Indeed, the plastic manufacturing sector in South India is embracing a new era of digitalization. Recently, Finsys ERP was awarded a significant contract to implement its specialized manufacturing software at a leading Blow Moulding plant in Karnataka.
Initially, this partnership marks a strategic step for the Karnataka-based company to streamline its high-volume production using the robust, Oracle-based Finsys platform.
The Art of Blow Moulding: Why Specialized ERP is Essential
Admittedly, the blow moulding process is unique. It is specifically designed to manufacture high-volume, one-piece hollow objects like bottles and containers with uniform, thin walls. Consequently, managing the complexities of this process requires an ERP that understands the “Shop Floor First” logic.
How Finsys ERP Powers Blow Moulding Efficiency:
Shot Weight & Parison Control: The cost to produce a blow-moulded product is based on the weight of the plastic shot used. Finsys tracks this at a granular level.
Machine-Wise OEE: Monitor machine performance and down-time reasons specifically for blow moulding cycles.
Regrind & Scrap Tracking: Efficiently manage polymer scrap and “lumps” to ensure zero material leakage.
Tooling & Mould Lifecycle: Track the life of your moulds to ensure preventive maintenance before quality dips.

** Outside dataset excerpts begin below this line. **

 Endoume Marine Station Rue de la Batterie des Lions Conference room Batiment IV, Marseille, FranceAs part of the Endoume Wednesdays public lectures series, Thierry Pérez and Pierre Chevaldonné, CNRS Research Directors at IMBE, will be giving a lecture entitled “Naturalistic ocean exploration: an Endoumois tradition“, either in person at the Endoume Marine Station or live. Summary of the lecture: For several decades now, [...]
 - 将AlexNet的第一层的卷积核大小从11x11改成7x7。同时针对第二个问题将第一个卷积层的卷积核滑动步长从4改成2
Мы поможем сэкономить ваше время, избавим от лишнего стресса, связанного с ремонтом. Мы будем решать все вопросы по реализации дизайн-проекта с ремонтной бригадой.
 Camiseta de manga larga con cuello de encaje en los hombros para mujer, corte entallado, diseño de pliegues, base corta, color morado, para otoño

Strategic Advantages of Blow Moulding
Furthermore, it is important for academic and industrial learners to note the distinct advantages of this manufacturing method:
Lower Production Costs: Blow moulding costs are typically lower than injection moulding.
Economical Machinery: Initial capital expenditure on blow moulding machinery is often more accessible.

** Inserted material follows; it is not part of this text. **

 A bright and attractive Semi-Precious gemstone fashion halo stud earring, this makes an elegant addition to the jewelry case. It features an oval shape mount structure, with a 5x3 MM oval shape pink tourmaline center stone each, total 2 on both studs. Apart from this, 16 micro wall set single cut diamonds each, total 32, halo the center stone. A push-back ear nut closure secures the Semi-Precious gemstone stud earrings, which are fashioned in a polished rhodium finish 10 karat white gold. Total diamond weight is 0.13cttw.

Complex Shapes: The “one-piece construction” eliminates the need for connecting part halves, allowing for shapes that injection moulding simply cannot achieve.

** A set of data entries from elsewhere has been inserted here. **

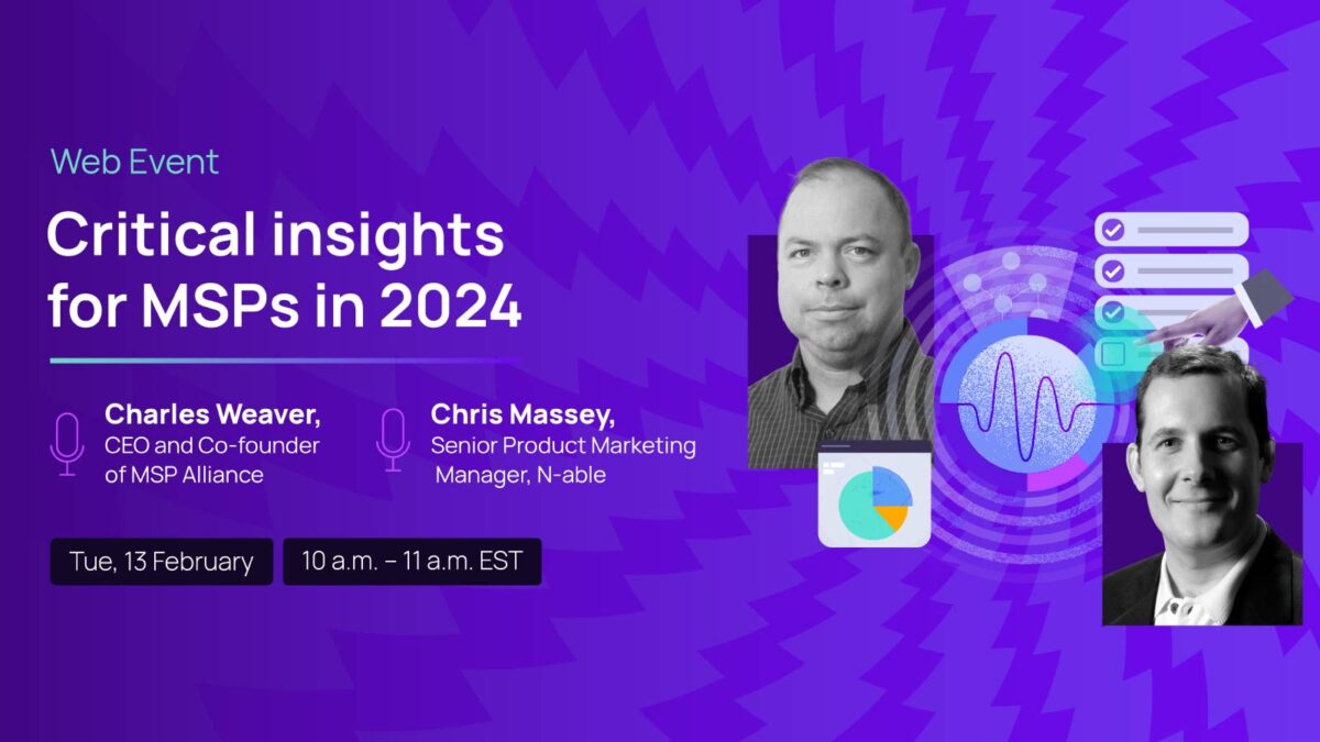 Our web event, Critical Insights for MSPs in 2024, is designed to show you how to navigate the 2024 MSP landscape, find crucial insights, fortify your security posture, and elevate your customer care. Chris Massey, Senior Product Marketing Manager, N-able and Charles Weaver, CEO and Co-founder of MSP Alliance, will cover:
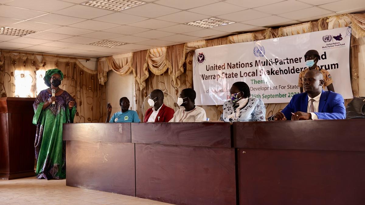 Some 80 people in Kuajok engaged in spirited discussions on the need to implement all provisions of the Revitalized Peace Agreement at a forum jointly facilitated by UNMISS and the United Nations Multi-partner Fund. Photo by…
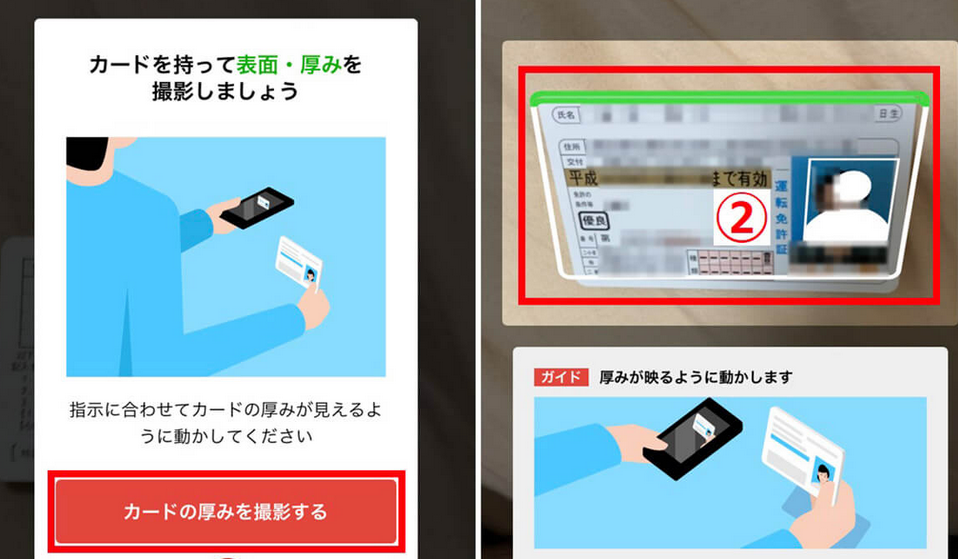 처음 신분증 표면을 찍고 다음 신분증을 기울여 두께를 찍은 후
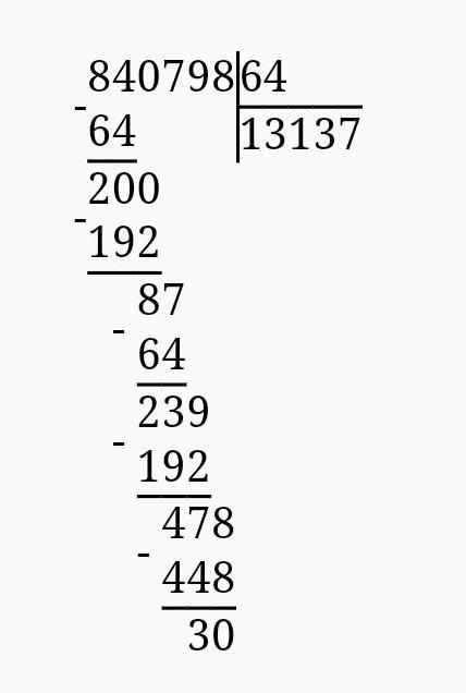 13137 целых 30 в остатке = 13137 30/64 = 13137 15/32
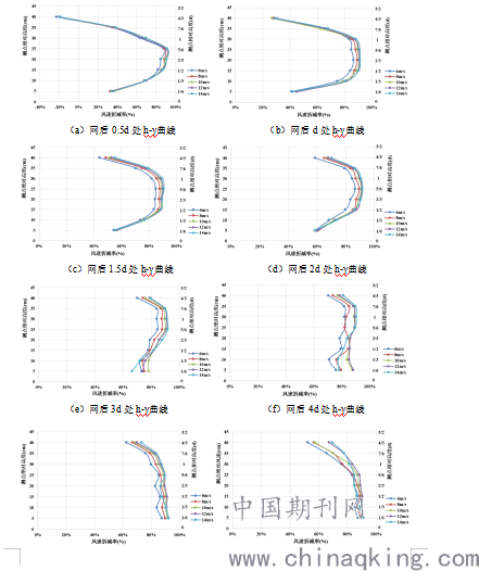 纵观整个试验段内所有断面的h-γ曲线可发现,高风速时的曲线基本都会包络低风速时的曲线,因此可知:风速越大防风网的减风效果越好。这一结论在网后0.5d至2d、6d至20d范围内较明显;
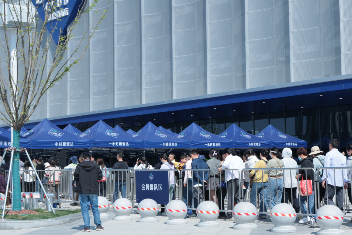 安徽首家山姆超市,合肥山姆会员商店开业人气爆棚!当天上午10点半左右,合肥山姆会员商店外面人流拥挤,需要排队40分钟左右才能进进场。场外还设置会员实名制进场方式,仅限会员才能进入。
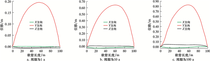 | 图 6 不同周期横流作用下软管位移 Fig.6 Displacement of the submarine hose under cross flow at different periods |
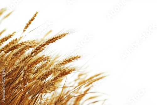 Close-up view of a golden wheat field with mature ears of wheat gently swaying in the wind against a bright, minimalist white background.
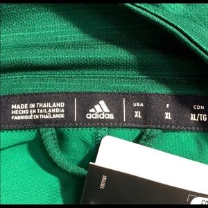 ************PS: The ADIDAS LOGO on the picture is actually on the right sleeve. So the front is plain only with the OHIO logo. ******************    Size: XL    Details: Material: 100% Polyester climalite ® technology conducts sweat and heat away from the body Flatlock stitching Droptail Embroidered graphics Sublimated tonal stripe pattern Heat-sealed jock tag in interior back of neck Three-button placket Short sleeve Machine wash, tumble dry low Tagless Collar Officially licensed Imported
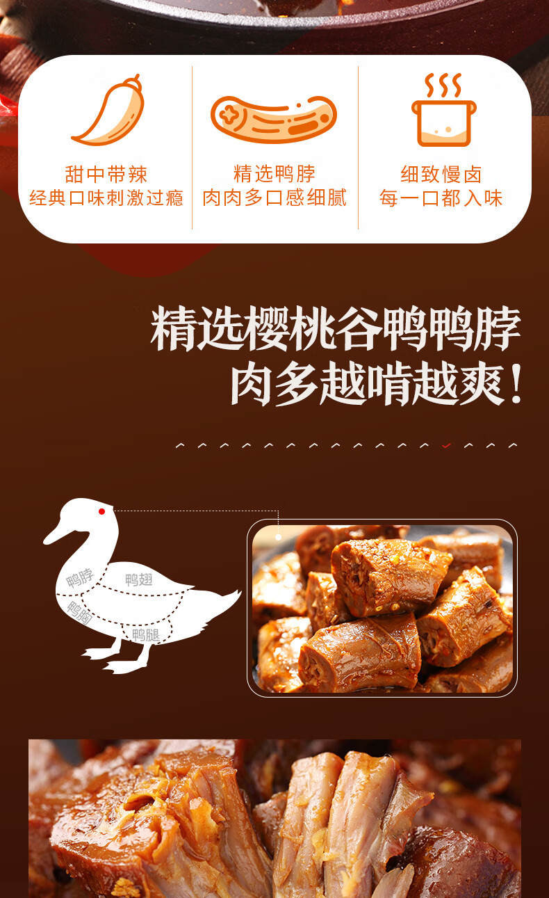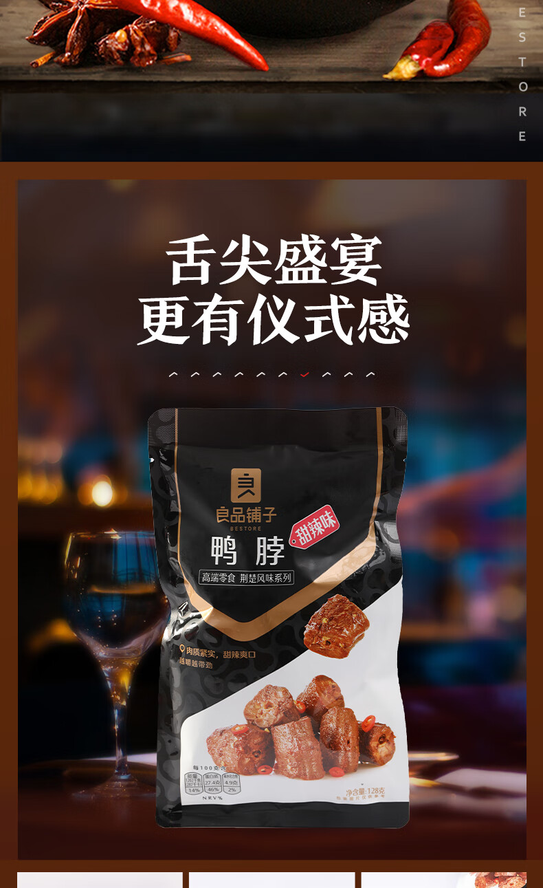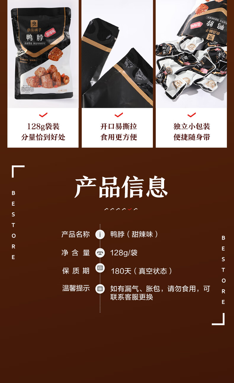 良品铺子甜辣鸭脖128g 熟食卤味 肉干肉脯 休闲零食 武汉特产小吃

Why Leading Plastic Manufacturers Choose Finsys – ERP for Blow Moulding Plant Karnataka
Ultimately, Finsys ERP has been a trusted partner for the plastic and engineering sectors since 1992. Notably, with over 900 successful installations, our software is tailored to manage everything from Purchase and Planning (MRP) to Quality Control and GST-compliant Accounting.
By choosing Finsys, our new Karnataka-based partner will benefit from:
Ready-to-Use Vertical Solutions: No need for expensive, time-consuming customizations.
Mobile Connectivity: Access production reports and approve POs directly from Android and iOS devices.
Batch-wise Traceability: Full “Gate-to-Gate” tracking of raw materials to finished products.
Conclusion: A Growing “Finsys Parivaar” in Karnataka
To conclude, we congratulate our team and our new partner in Karnataka. Indeed, this project reinforces Finsys’s position as a leader in specialized ERP software for the plastic industry. Together, we are making “Made in India” more systematic and globally competitive.